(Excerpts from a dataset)
----------------------------------------

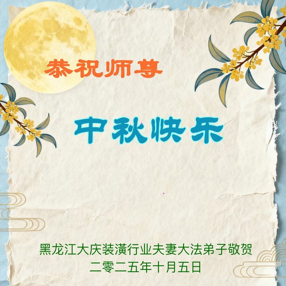 恭祝师尊中秋节快乐! 师父您好!师父辛苦了!谢谢师父慈悲救度! 黑龙江大庆滨海花园大法弟子 二零二五年十月三日 黑龙江省大庆大法弟子恭祝师尊中秋节快乐!
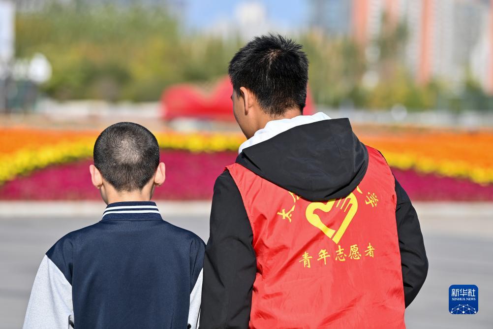 10月13日,志愿者協(xié)助盲校學(xué)生在太原汾河公園參觀(guān)。
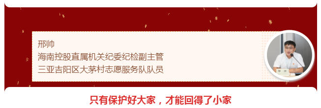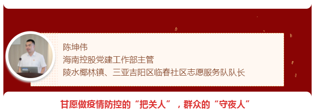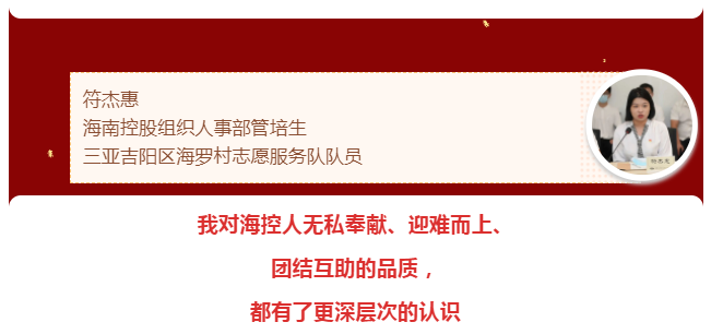 報名成為志愿者的那一刻,我沒有猶豫。公司最早派出的包括大茅村小隊等一批志愿者們辛勤工作的身影深深激勵著我。我媽媽是一名曾作為志愿者投身防疫工作的醫(yī)生,她的一言一行感召著我,最重要的是,作為黨員、作為海控大家庭中的一名新青年,此刻正是應該體現(xiàn)黨員擔當、海控擔當?shù)臅r刻,我也一定要以實際行動體現(xiàn)公司“服務海南”的宗旨。在三亞工作的每一天,每一位海控志愿者都在特殊環(huán)境下艱苦奮斗,在每一個任務、每一天工作中追求卓越,這段特殊的工作經(jīng)歷在我人生中留下了濃墨重彩的一筆,讓我對海控人無私奉獻、迎難而上的品質(zhì),與彼此關心友愛、互幫互助的團結(jié)都有了更深層次的認識。能夠在海控工作,我感到非常非常開心與驕傲!
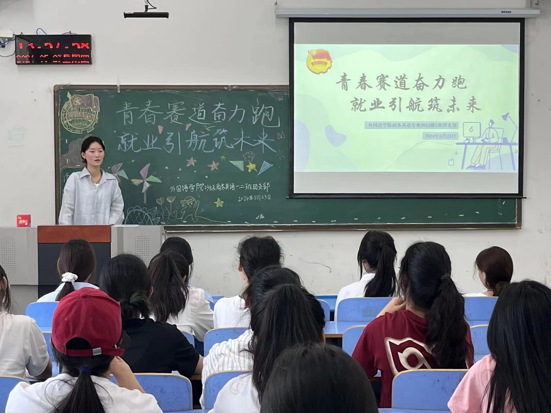 活动伊始,各支部团支书带领支部成员齐唱了中国共产主义青年团团歌,并与同学们共同了解了“三支一扶”的申请条件、选拔要求与流程,帮助同学们深化对基层就业政策的理解,激励同学们深刻理解扎根基层、奉献青春的价值意义。接着,各支部团支书组织同学们观看了“互联网+就业指导”公益直播课,并带领全体支部成员共同学习了“老员工就业引航计划”、“老员工志愿服务西部计划”等国家就业扶持政策,他们讲到,国家对于积极参与基层教育的老员工出台了一系列的就业保障政策,希望同学们毕业后可以根据自身的情况和意愿积极报名参加。最后,各支部团支书组织支部成员学习了人民网发布的“打开‘就业手册’:拓展就业选择,新职业成就新生活”这一篇目,并鼓励同学们积极发表自己的感悟,同学们纷纷表示,在今后的学习与生活中,将会加深自己对本专业就业方向及就业市场形势等相关内容的了解,树立正确的就业观,书写新时代青年人新的就业华章。
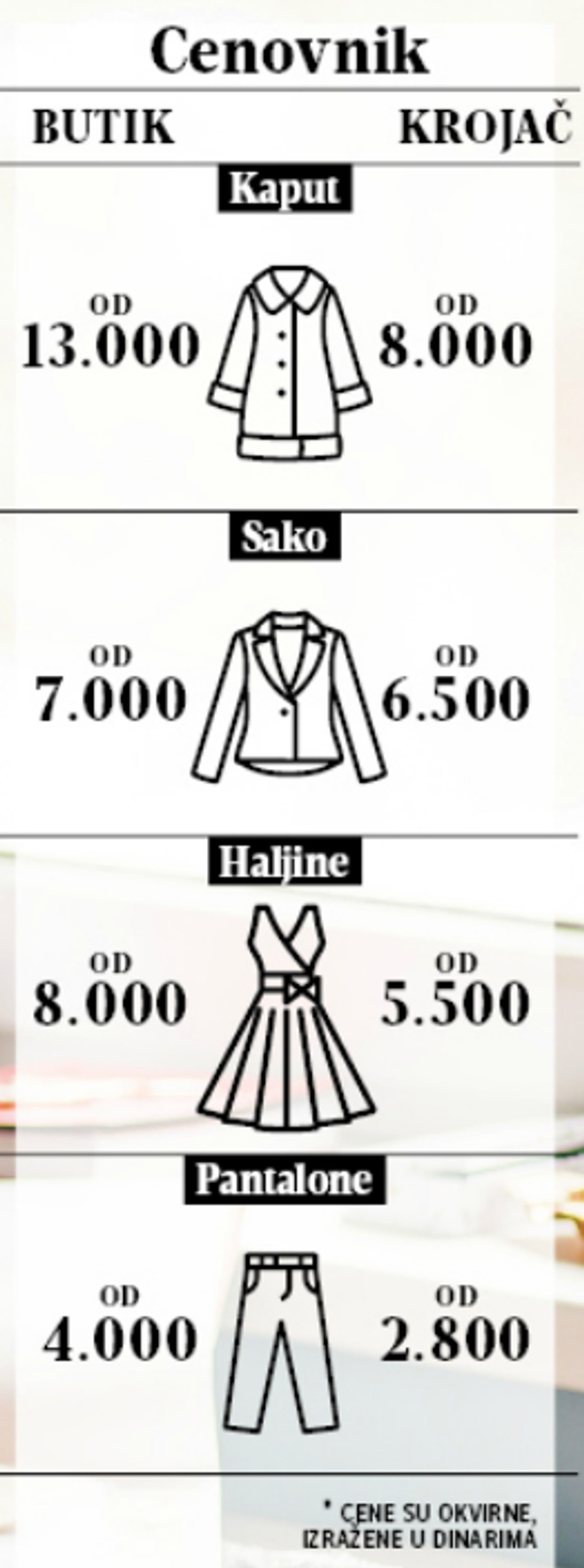 Razlika je i kod pantalona i košulja koje su u radnjama u proseku oko 4.000 i 5.000 dinara, a kod krojačica taj komad izađe oko 2.800.
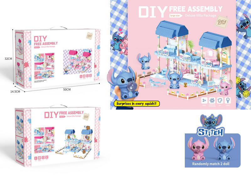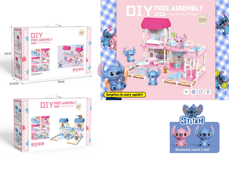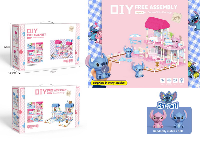 VILLA SET W/LIGHT W/BUTTON BATTERY W/2PCS STITCH
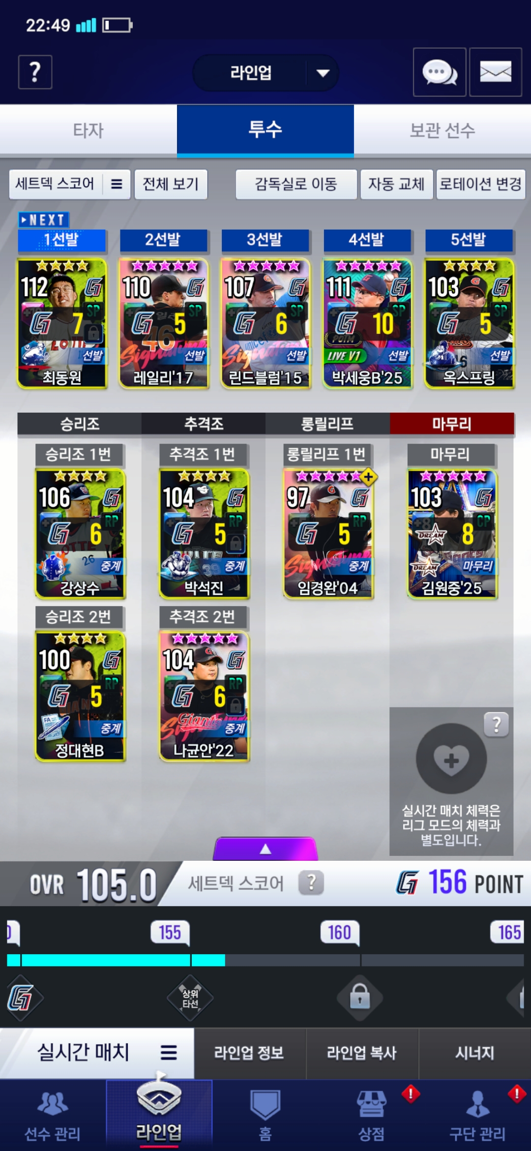 질문 & 답변 안우진을 쓰려면 누굴 빼야 할까요? 10LEEDH 2025-12-29 22:57 156 0 공유 공유 URL 복사 페이스북 왓츠앱 카카오톡 라인 레딧 닫기 공유 현재 팀 상황이고 안우진을 쓴다면 누굴 빼고 써야 할까요? 0 0 댓글 0
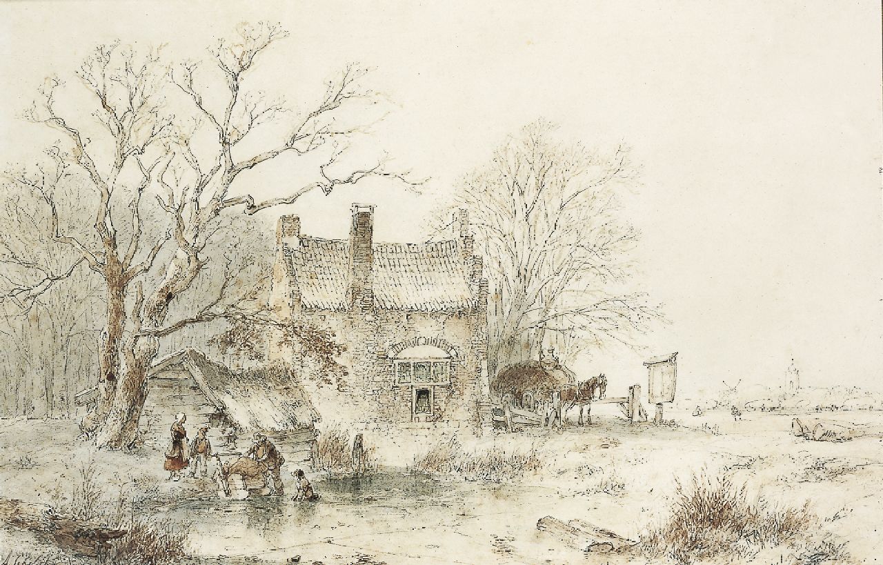 Andreas Schelfhout Kunstwerk • Aquarell • Zeichnung • zuvor zu verkaufen A winter landscape with figures on a frozen waterway
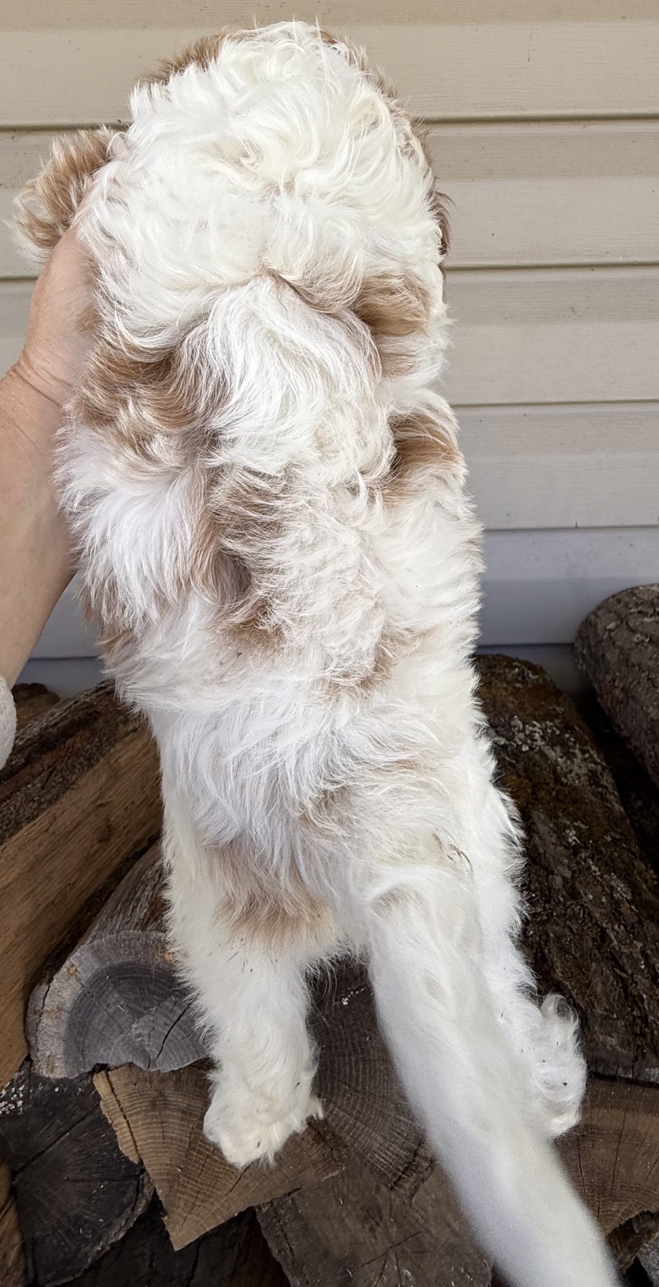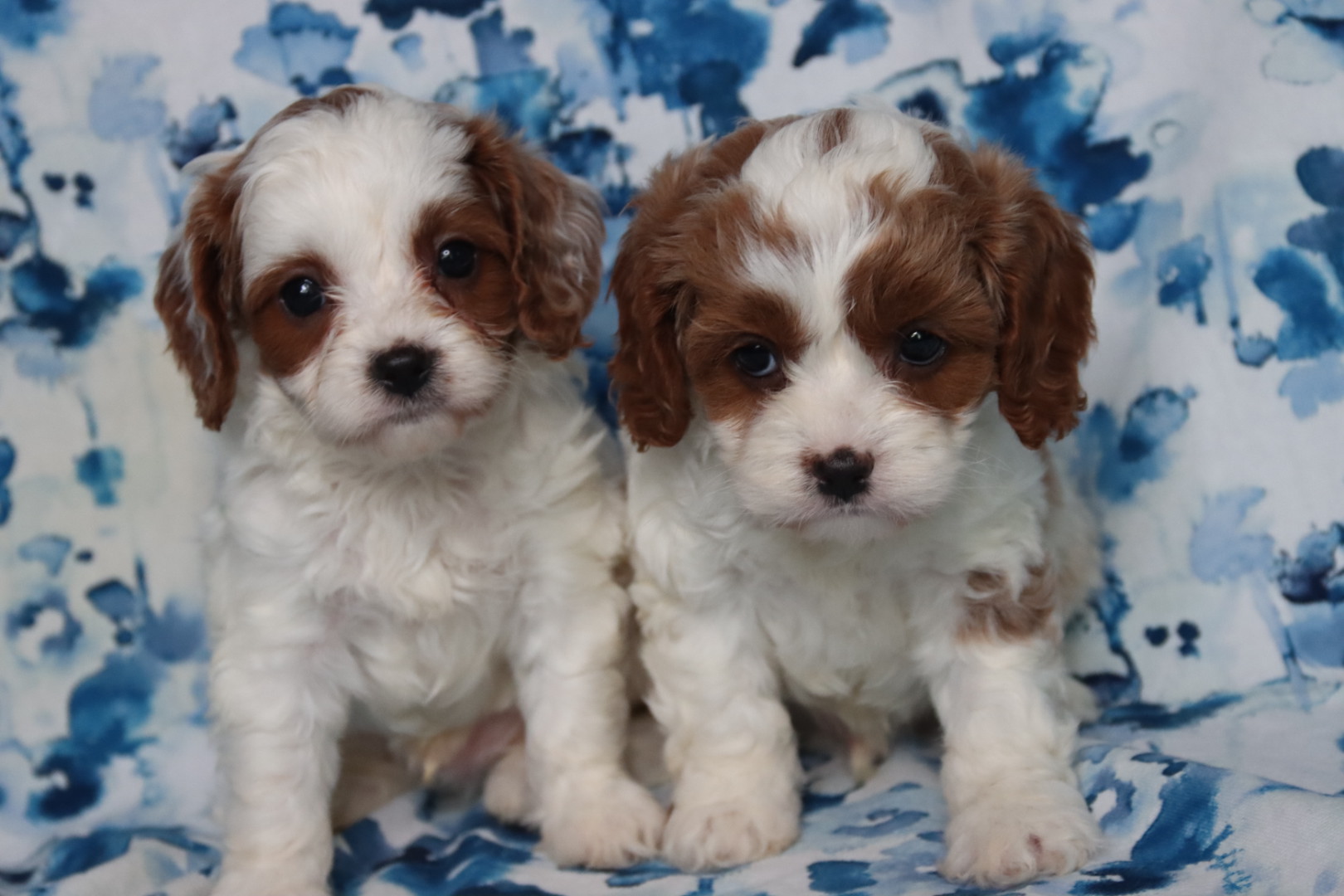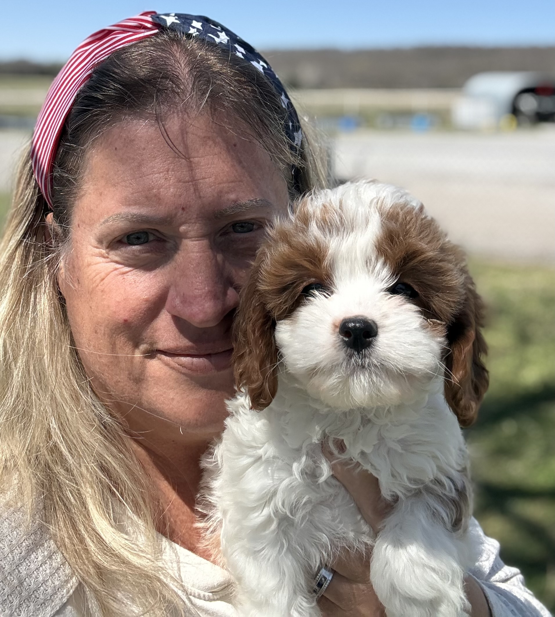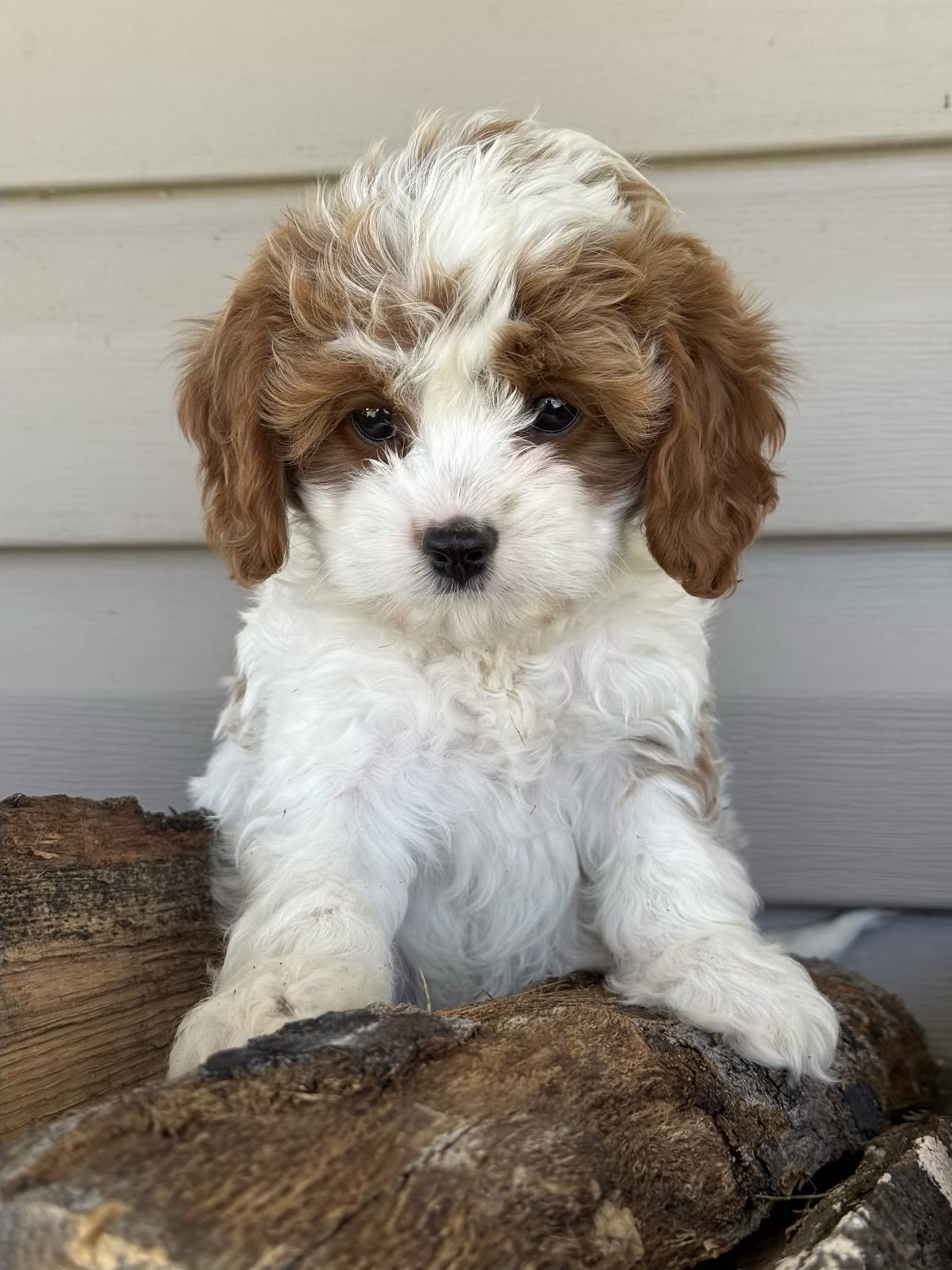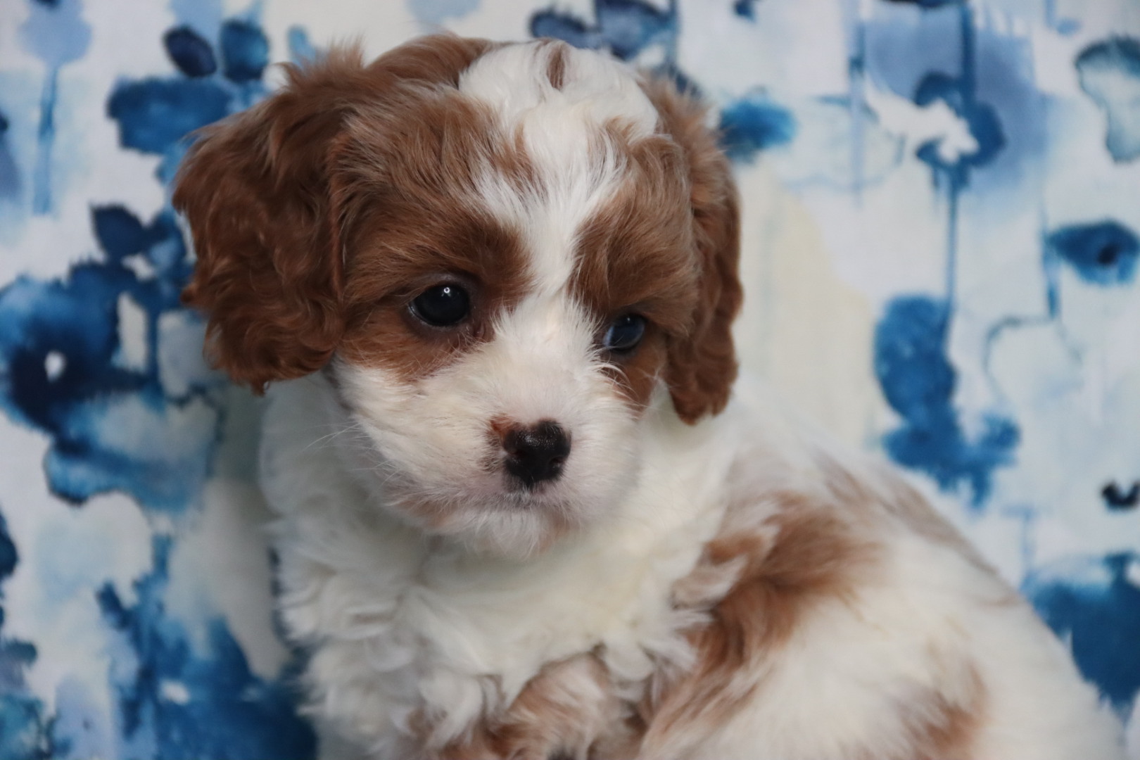 MEET BRAIR a red and white Cavapoo Boy briar is a charming, red and white party cava poo boy with a soft expressive face and a personality that instantly draws people in he is expected to reach an adult weight of around 12 pounds making him the perfect small companion for families, couples or anyone wanting a loving lap dog that is still playful, and active caps are one of the most sought after designer breeds because they combine the gentle affectionate nature of the cavalier, King Charles spaniel and the intelligence of the Poodle they are known for being low shedding, making them a wonderful option for many families who prefer a cleaner home and more allergy, friendly pet cava poos are also famous for their loving temperament, strong bond with their owners and wonderful compatibility with children and other pets, making them an ideal, family companion briar will be ready for his new home anytime after March 23 and a $500 deposit will reserve him. Call Carrie for details 918.398.3715

----------------------------------------

## EXERCISE BRIEF
Would you reproduce the lines above, from the very first through the line containing "報名成為志愿者的那一刻,我沒", exactly and without the pictures?

## YOUR RESPONSE
 恭祝师尊中秋节快乐! 师父您好!师父辛苦了!谢谢师父慈悲救度! 黑龙江大庆滨海花园大法弟子 二零二五年十月三日 黑龙江省大庆大法弟子恭祝师尊中秋节快乐!
 10月13日,志愿者協(xié)助盲校學(xué)生在太原汾河公園參觀(guān)。
 報名成為志愿者的那一刻,我沒有猶豫。公司最早派出的包括大茅村小隊等一批志愿者們辛勤工作的身影深深激勵著我。我媽媽是一名曾作為志愿者投身防疫工作的醫(yī)生,她的一言一行感召著我,最重要的是,作為黨員、作為海控大家庭中的一名新青年,此刻正是應該體現(xiàn)黨員擔當、海控擔當?shù)臅r刻,我也一定要以實際行動體現(xiàn)公司“服務海南”的宗旨。在三亞工作的每一天,每一位海控志愿者都在特殊環(huán)境下艱苦奮斗,在每一個任務、每一天工作中追求卓越,這段特殊的工作經(jīng)歷在我人生中留下了濃墨重彩的一筆,讓我對海控人無私奉獻、迎難而上的品質(zhì),與彼此關心友愛、互幫互助的團結(jié)都有了更深層次的認識。能夠在海控工作,我感到非常非常開心與驕傲!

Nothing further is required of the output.